EL CEREBRO CREA TU REALIDAD
Solía pensar que el cerebro era el órgano más maravilloso de mi cuerpo, hasta que me di cuenta de quién me decía eso.
EMO PHILIPS
El cerebro, con toda su complejidad, es un órgano más, y depende del resto del cuerpo para su correcto funcionamiento. Más adelante veremos, por ejemplo, la estrecha relación entre la salud coronaria y la salud mental, y el impacto que tu intestino tiene en tu cerebro.
Además, el cerebro serviría de poco sin conexión con el resto del cuerpo. Vive encerrado en un oscuro y solitario cráneo, sin acceso directo al mundo externo. Por tanto, el cerebro depende de la constante información que recibe de los sentidos, la única conexión de su búnker óseo con el exterior.
A pesar de lo que crees percibir, ahí fuera solo existe energía y materia. Tus sentidos transforman ciertos elementos del entorno en señales electroquímicas, el único lenguaje que entiende tu cerebro. Tus ojos detectan fotones, tus oídos oscilaciones en la presión del aire y tu olfato compuestos químicos volátiles. Pero las experiencias de ver, oír u oler se producen en el cerebro. Los colores y los olores existen únicamente en tu cabeza. Tu percepción de la realidad es una simple ilusión creada por tu maquinaria mental, una especie de alquimia biológica que integra multitud de señales eléctricas inconexas para crear una rica experiencia.

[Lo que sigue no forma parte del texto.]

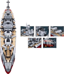 Sarežģītas virsbūves, lielgabalu torņi un antenas no 1849 detaļām veido autentisku leģendārā kaujas kuģa izskatu.

Tus sentidos perciben una ínfima parte de la realidad, y además tu cerebro ignora la mayoría de la información enviada por estos sentidos. Si tuviera que prestar atención a toda esa información se abrumaría y sería incapaz de responder de manera efectiva. A lo largo de millones de años, nuestro cerebro se especializó en priorizar la información que entiende relevante para la supervivencia o la procreación, descartando todo lo demás. Su objetivo es crear una representación simplificada de lo que existe ahí fuera, no un reflejo perfecto.
De hecho, tu cerebro no se limita a simplificar la realidad, sino que la altera. Para crear su representación interna combina la información recibida a través de los sentidos con la información producida por él mismo. No espera con pasividad a recibir información del exterior, sino que intenta predecir constantemente lo que percibirá a continuación. Lo que esperas ver condiciona lo que al final ves. Nuestra percepción de la realidad tiene tanto que ver con la información que tu cerebro recibe del exterior como con la que él mismo genera. Si necesitásemos una representación fidedigna de lo que existe ahí fuera, nos hubiera comido el león mientras seguíamos procesando información. Para tu cerebro, la supervivencia es más importante que la verdad.